Gastro-oesophageal reflux disease in primary care: an international study of different treatment strategies with omeprazole. International GORD Study Group.Eur J Gastroenterol Hepatol. 1998 Feb; 10(2):119-24.EJ
To assess the efficacy of omeprazole in patients presenting with troublesome reflux symptoms.
Randomized, double-blind, parallel-group, placebo-controlled comparison.
Patients were recruited using a symptom-based questionnaire for diagnosis of gastro-oesophageal reflux disease.
After endoscopy, patients without endoscopic oesophagitis were randomized to omeprazole 20 mg (Ome20), omeprazole 10 mg (Ome10) or placebo once daily for 4 weeks (n = 261) and those with oesophagitis (except circumferential/ulcerative) were randomized to receive either Ome20 or Ome10 once daily for 4 weeks (n = 277). Patients not symptom-free at 4 weeks received open treatment with Ome20 once daily for a further 4 weeks. Those symptom-free at 4-8 weeks were followed up for 6 months off treatment, to see whether their symptoms recurred.
MAIN OUTCOME MEASURE
Complete upper GI symptom relief during week 4 on Ome20 or Ome10 in patients with or without endoscopic oesophagitis.

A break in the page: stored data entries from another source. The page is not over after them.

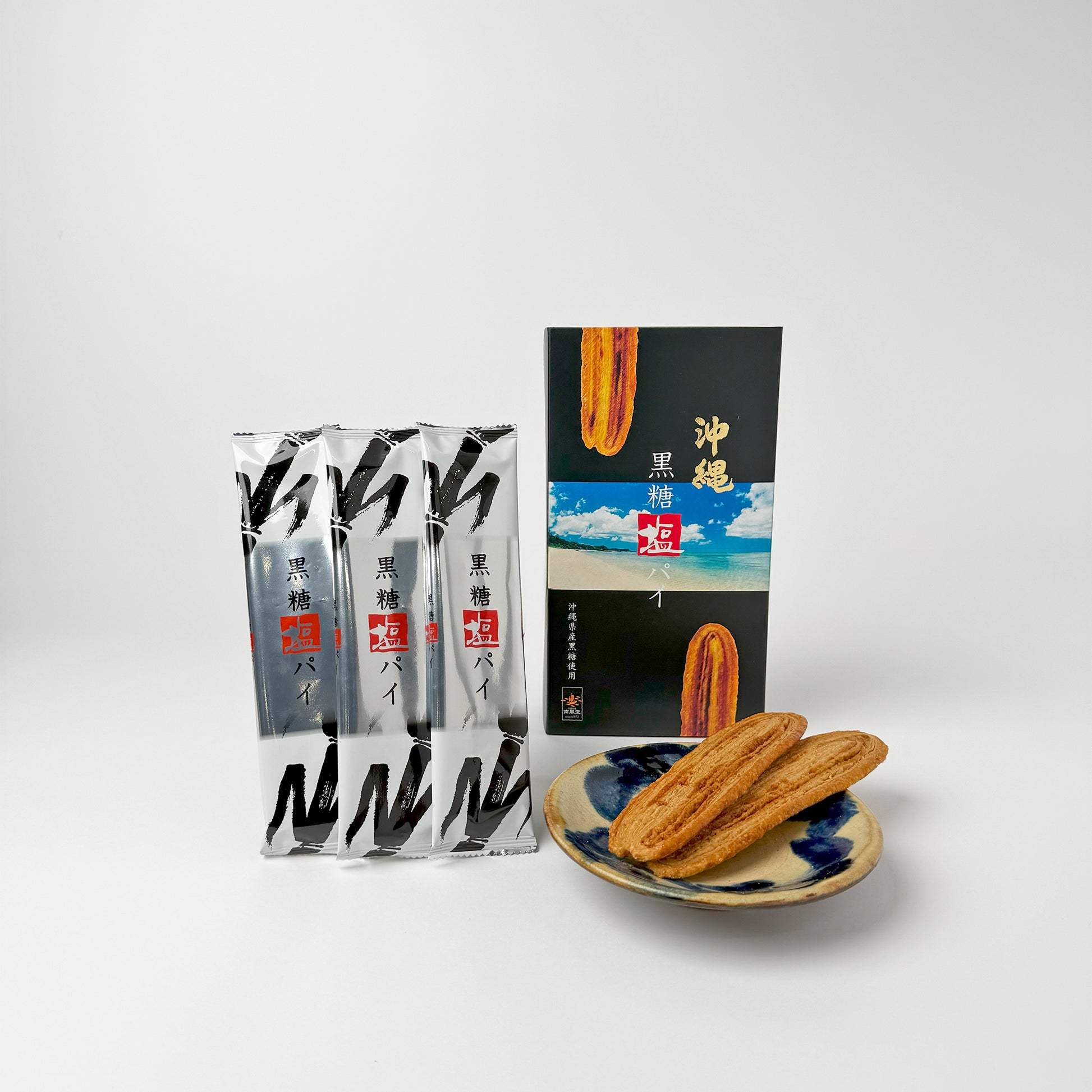 沖縄県産黒糖を使用したロングパイです。ほんのり塩味がクセになります。
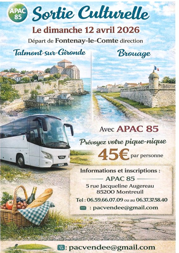 L'association APAC 85 vous propose une sortie culturelle le DIMANCHE 12 AVRIL 2026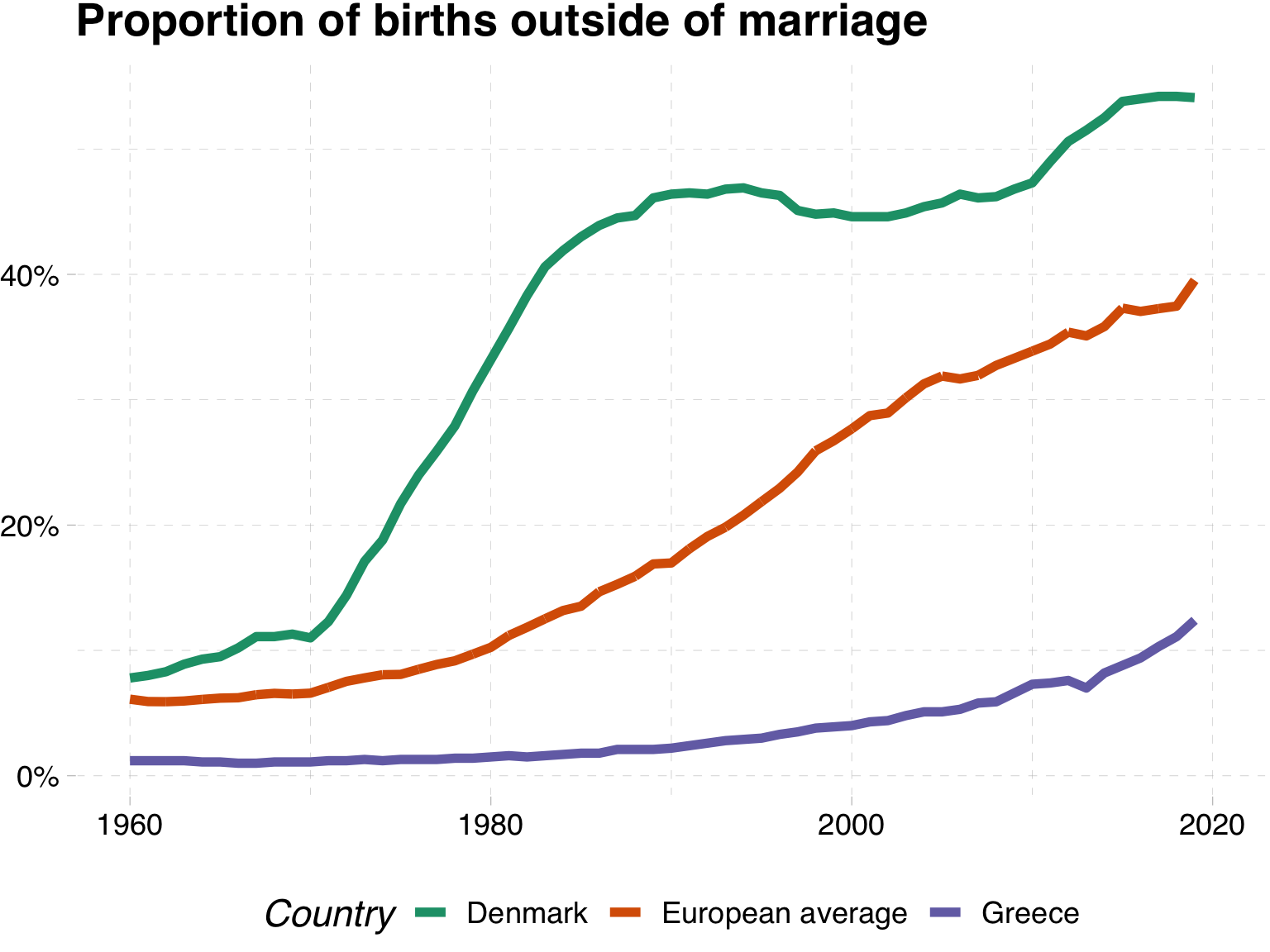 Do Denmark and Greece represent the extremes of the share of children born outside of marriage in Europe?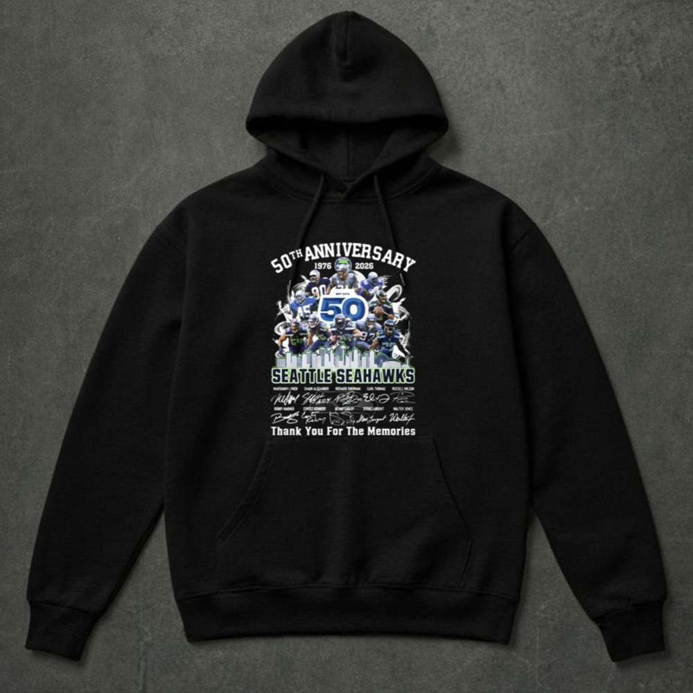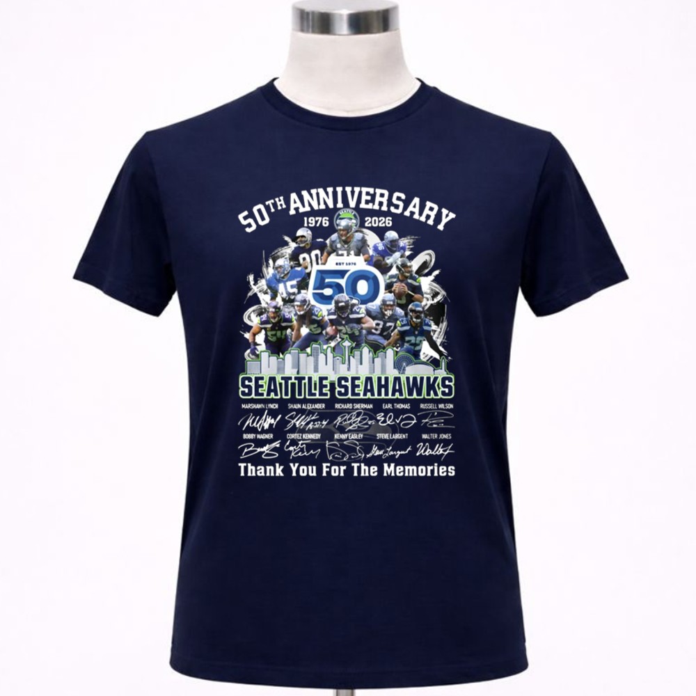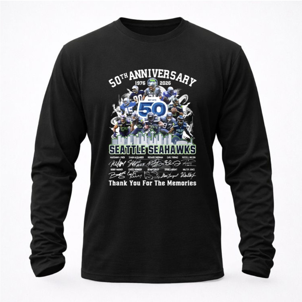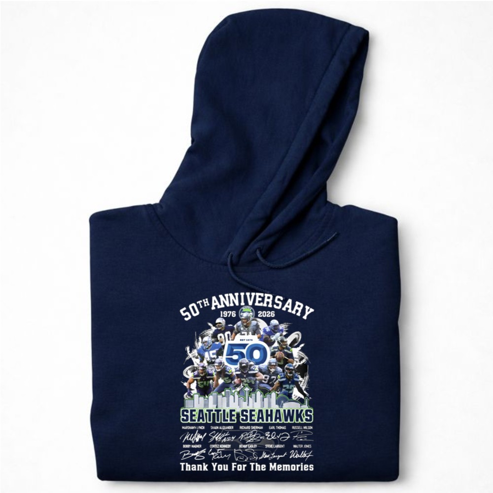 This design captures the essence of the Seattle Seahawks’ journey over 50 years, blending bold graphics with a heartfelt tribute to legends like Marshawn Lynch and Russell Wilson. It’s a wearable celebration of unforgettable moments and the city’s unwavering passion for football, evoking pride and nostalgia for lifelong fans.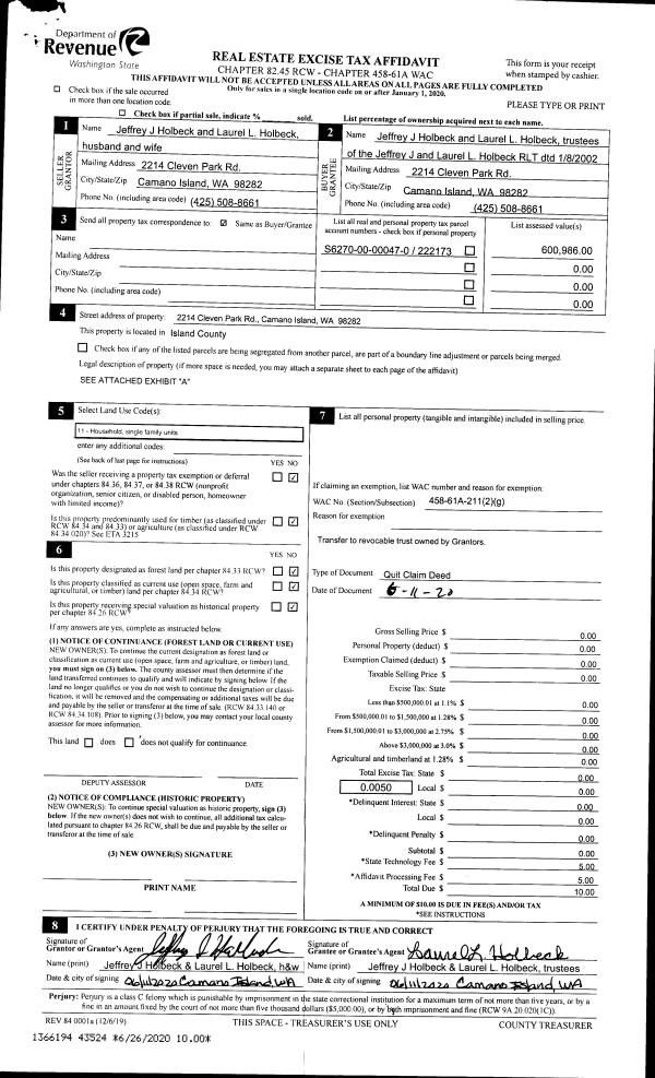 | 3 | 07/01/1991 | QCD | Quit Claim Deed | NASH, W L | NASH, HELEN E | | | $0.00 | 12663 | 91011318 |
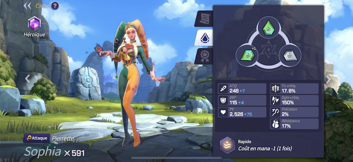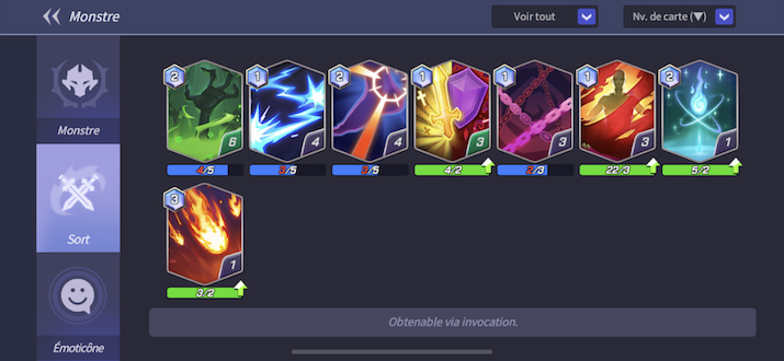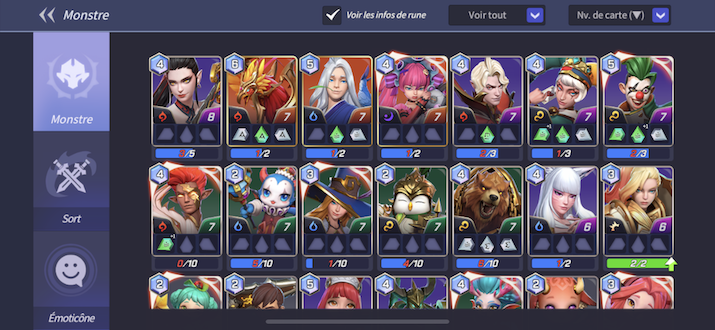 Il existe quatre niveaux de cartes : normal, rare, héroïque et légendaire. Comme tu te doutes, plus le niveau est élevé plus les statistiques sont plus fortes. Cependant ce sera plus compliqué de les améliorer. En effet, pour améliorer une carte il faut lui donner un doublon. Lors d’un combat, plus la carte est forte, plus elle coutera du mana pour l’utiliser (entre 2 et 6).
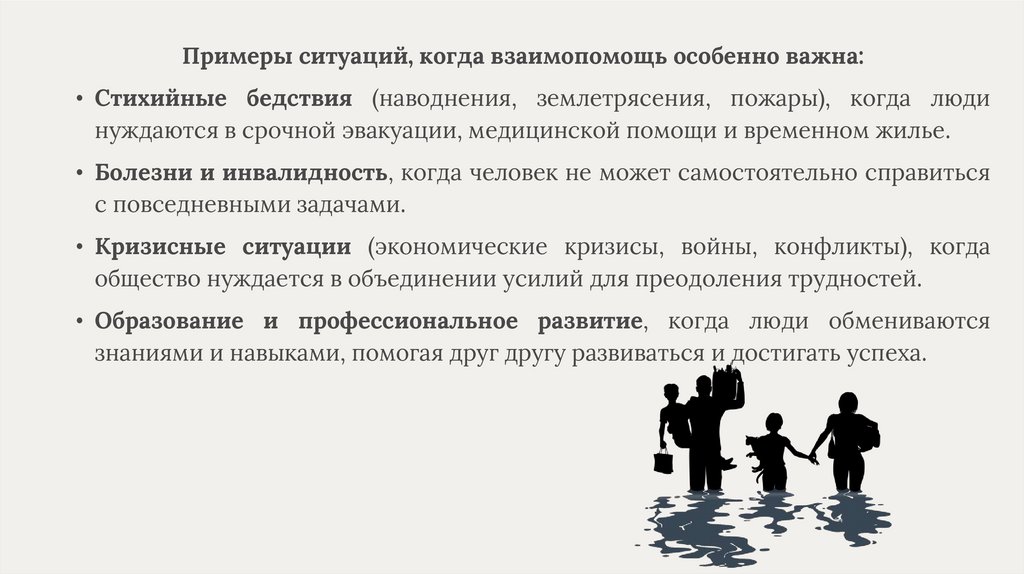 Примеры ситуаций, когда взаимопомощь особенно важна:• Стихийные бедствия (наводнения, землетрясения, пожары), когда люди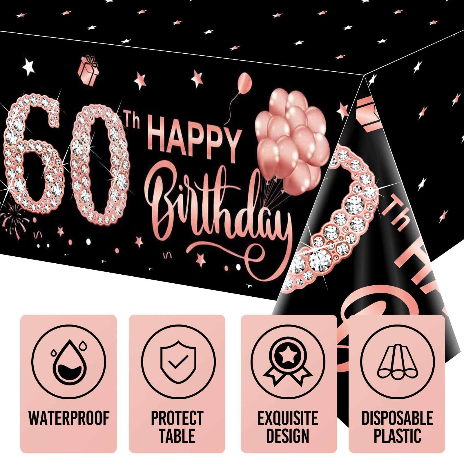 You Will Get: 3Pack rose gold 60th birthday tablecloth decorations for women. 54 x 108 inches, suitable for covering most rectangular desktops. Note: Please measure the table size in advance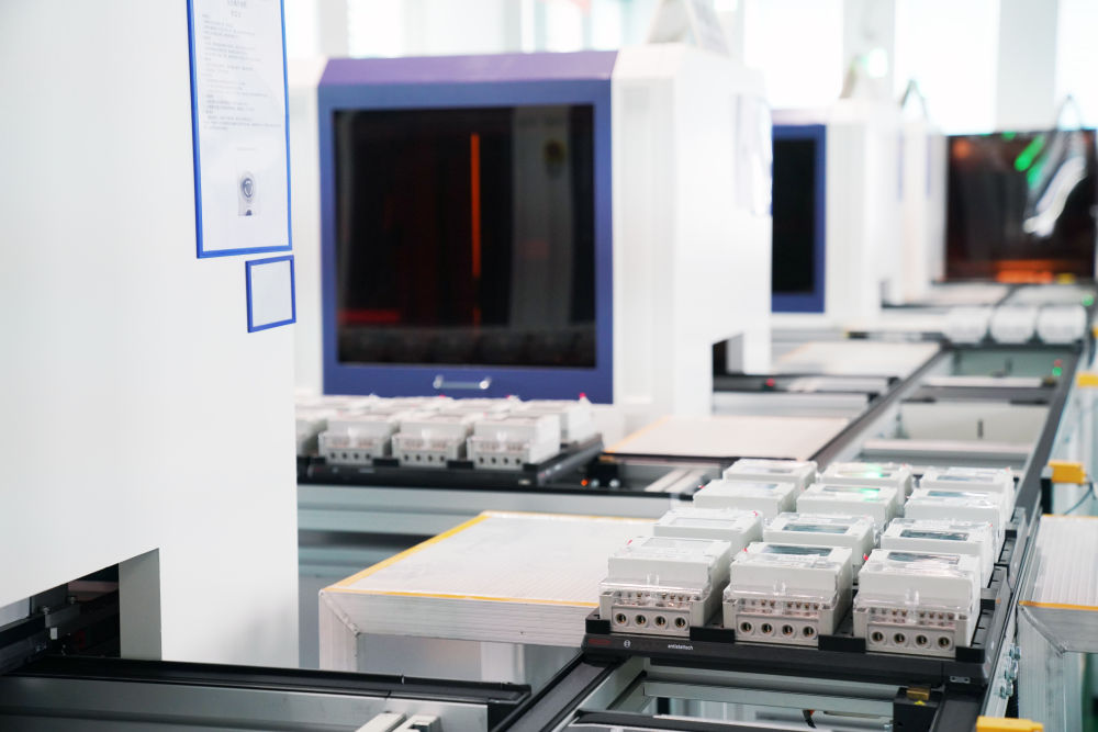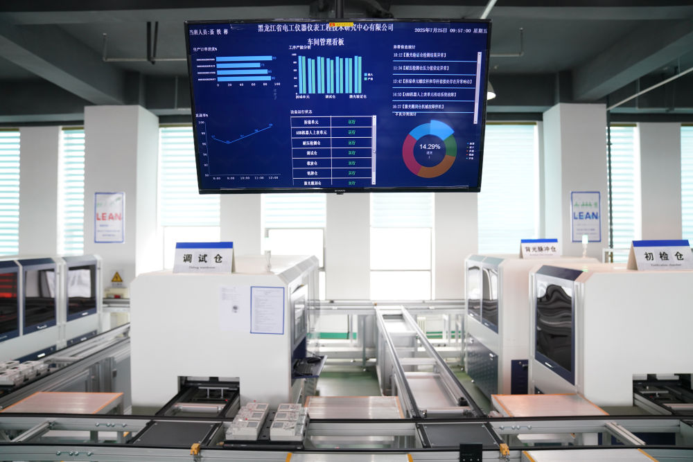 在黑龙江省电工仪器仪表工程技术研究中心有限公司,单相电能表自动生产线在进行检测与调试作业(7月25日摄)。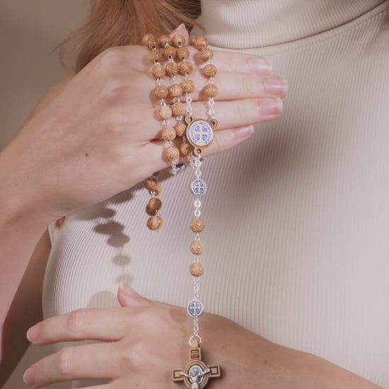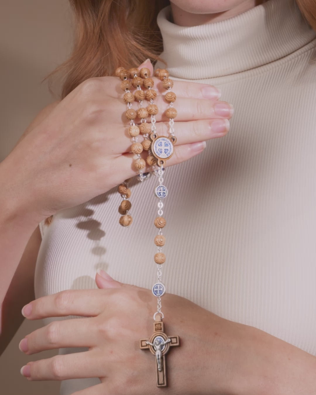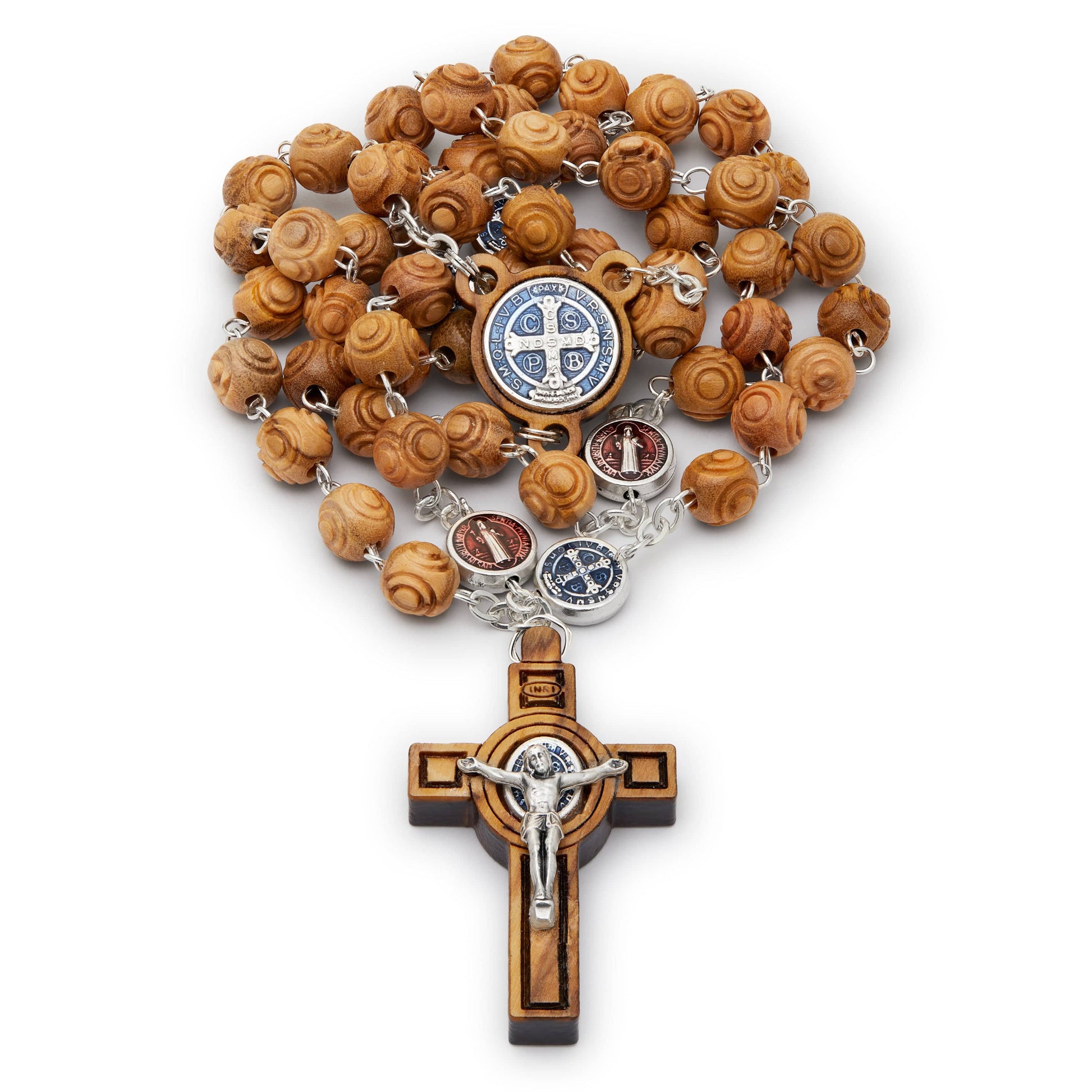Rosario de Madera de Olivo con Medalla de San Benito Esmaltada como Pieza Central

Forty one percent of all patients on Ome20 and 35% on Ome10 reported complete relief from upper GI symptoms during week 4, whilst 73% of the patients on Ome20 and 62% on Ome10 obtained sufficient control. Complete relief during week 4 was reported by 19% of endoscopy-negative patients on placebo, and sufficient control by 35%. Endoscopic healing at 4 weeks occurred in 76% of oesophagitis patients on Ome20 and in 56% on Ome10. After 6 months off treatment, 90% of patients with oesophagitis and 75% of endoscopy-negative patients reported symptomatic relapse.
Both 10 mg and 20 mg of omeprazole gave effective relief of symptoms, although 20 mg gave superior healing in patients with oesophagitis. After cessation of treatment, symptomatic relapse was rapid and frequent in both endoscopy-positive and endoscopy-negative patients.